Cris Bautista teaches high school in Oakland, California, but to afford to live in the San Francisco Bay Area, he commutes an hour or more to an apartment he shares with another teacher and works weekends at a coffee shop.
The English and history teacher is among the Oakland educators who went on strike for a week, winning an 11 percent pay raise with the argument that their salaries were not nearly keeping up with the soaring cost of living in a region flush with technology industry money. As evidence, they point to the district’s above-average turnover rate.
Their predicament has been so illustrative of a national inequity problem in America’s wealthiest communities that the tentative contract — which also comes with a one-time 3 percent bonus — is a triumph that stands out among the dozen major teacher strike movements that have swept the country in the past year.
“The contract will help ensure more teachers stay in Oakland and that more come to teach in our classrooms and support our students,” said Oakland Unified School District Superintendent Kyla Johnson-Trammell in a statement.
Educators’ struggles to afford housing have also been at the heart of union strife in other high-priced cities from Seattle to Los Angeles, part of a wave of teacher activism that has swept the country since a statewide teachers’ walkout last spring in West Virginia.
It’s an issue that school districts, community groups and others have been working to address in affluent areas to help retain teachers, and to make it easier for them to live in and stay involved with the communities they serve.
In California, where the affordability crisis is especially acute, school districts from Santa Clara in Silicon Valley to Los Angeles have created affordable housing programs to serve their staffs.
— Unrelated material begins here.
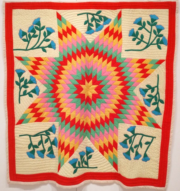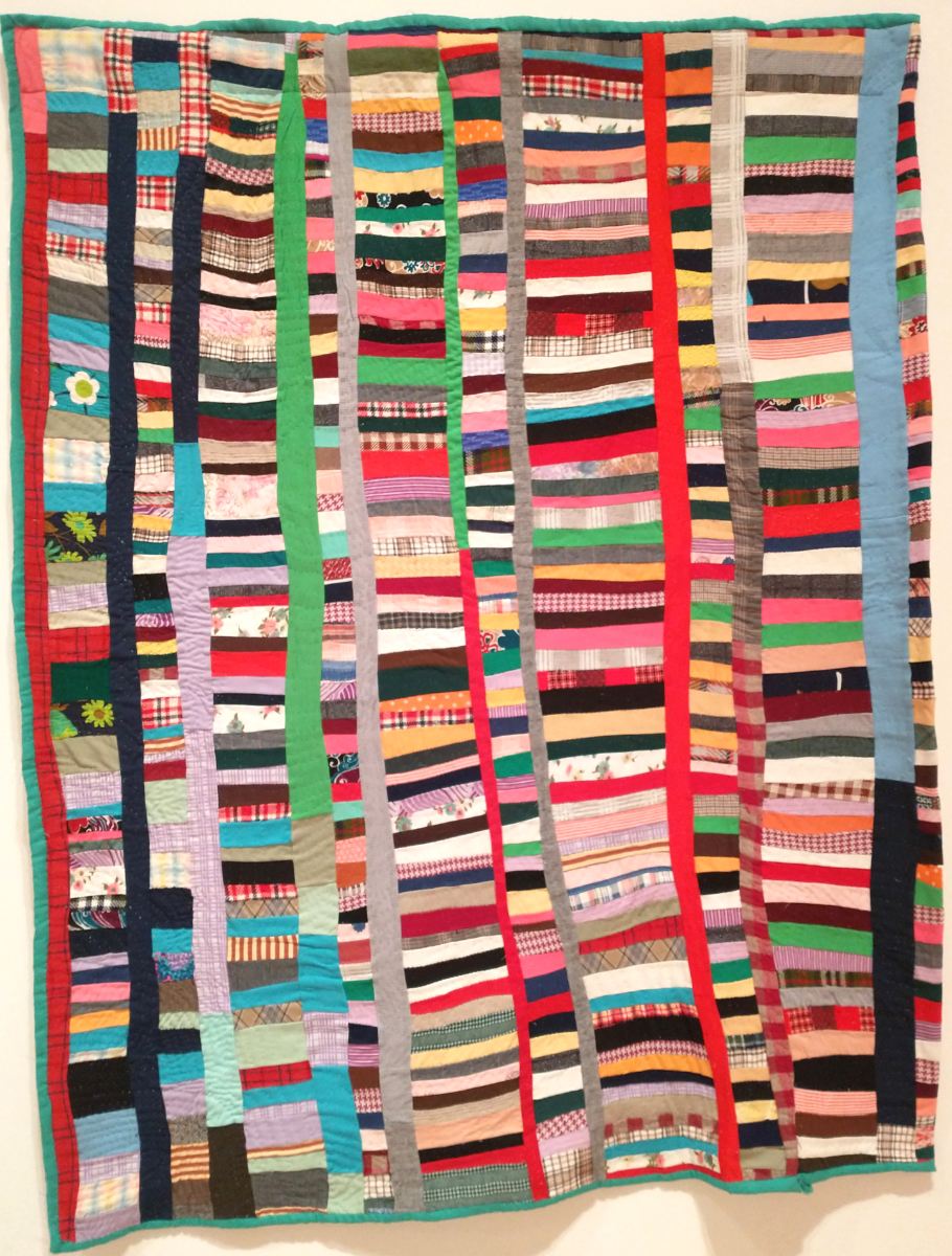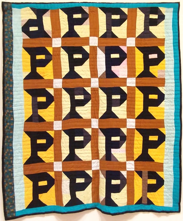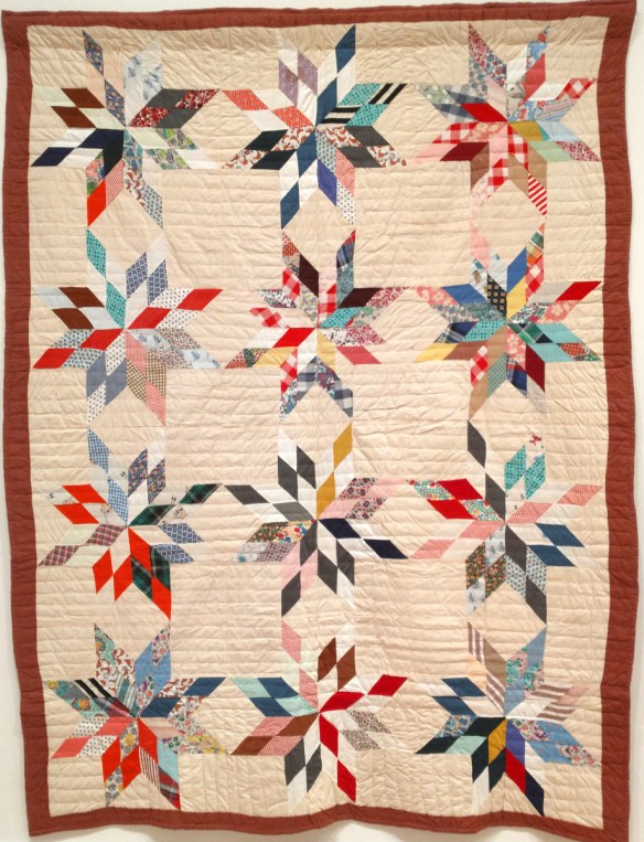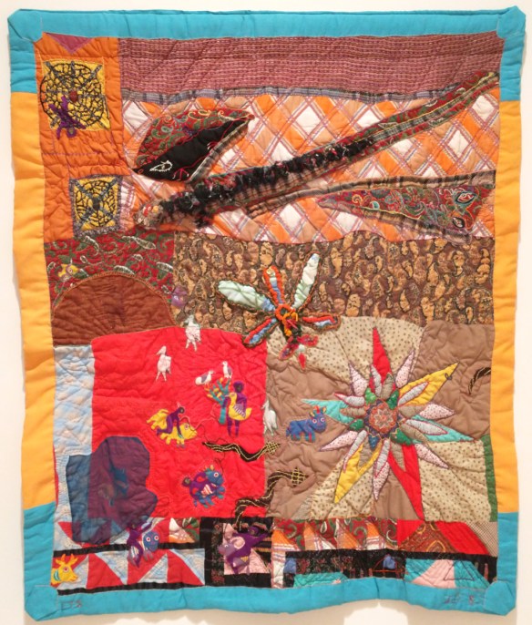 A lot of things about these quilts make the usual “improv” modern quilts look stilted and over-planned. The quilts in this exhibit seem so free by comparison. I think it’s another hint to me to “lighten up”.
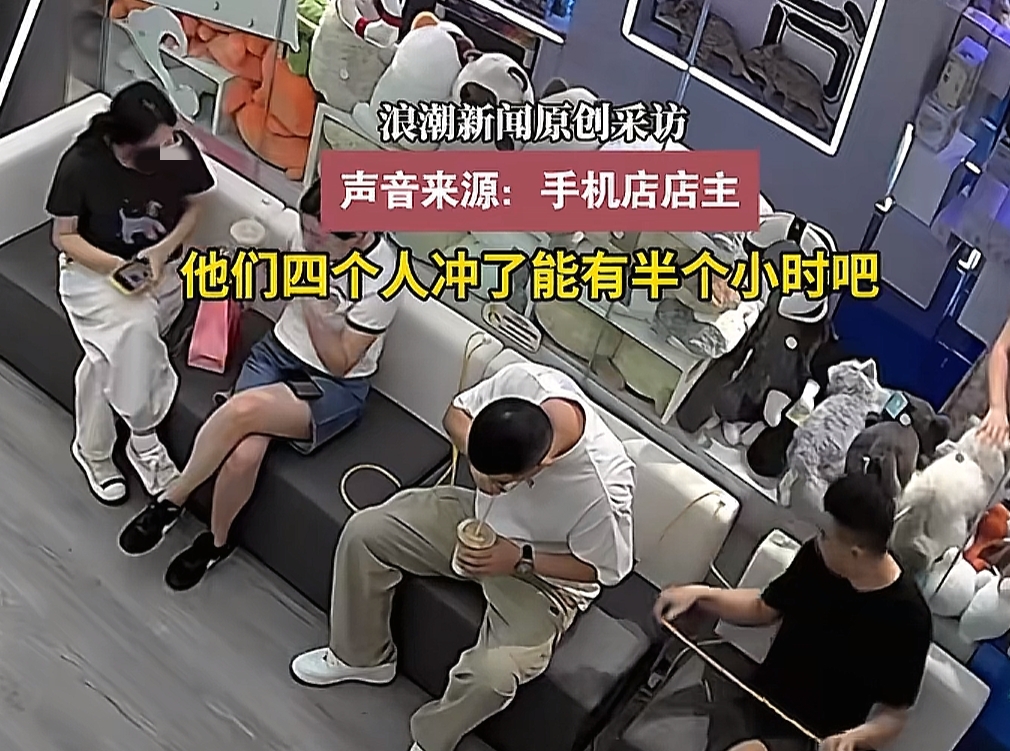 10月4日,有四人来到了山东烟台的一手机店里,没跟老板打招呼就直接坐在店里的沙发上充电。

The Los Angeles Unified School District started offering apartments on or near its school campuses in 2015, but affordable housing income guidelines have limited the number of teachers living in the units, which are leased instead to lower-paid support staff like bus drivers and teacher assistants.
In January, the Los Angeles teachers union won a 6 percent pay raise after a six-day strike.
A business group called Landed launched in 2015 to offer down payment assistance to teachers and has contributed to the home purchases of nearly 200 educators in California, Washington state and Colorado, according to founder Alex Lofton, who said the startup was inspired by a Stanford University program to help its staff. Landed takes a cut of either the profit or loss when the home is resold. The real estate program began with seed money from Facebook CEO Mark Zuckerberg’s philanthropy to help teachers and it hopes to eventually broaden to other “essential” community professionals like firefighters and nurses.
The Oakland Education Association and its 3,000 teachers walked out on February 21 to demand increases in what they say are some of the lowest salaries for public school teachers in the Bay Area. Salaries for Oakland teachers start at $46,500 a year and the average salary is $63,000, according to the union. In neighboring Berkeley, a starting teacher makes $51,000 a year and the average salary is $75,000, the union said.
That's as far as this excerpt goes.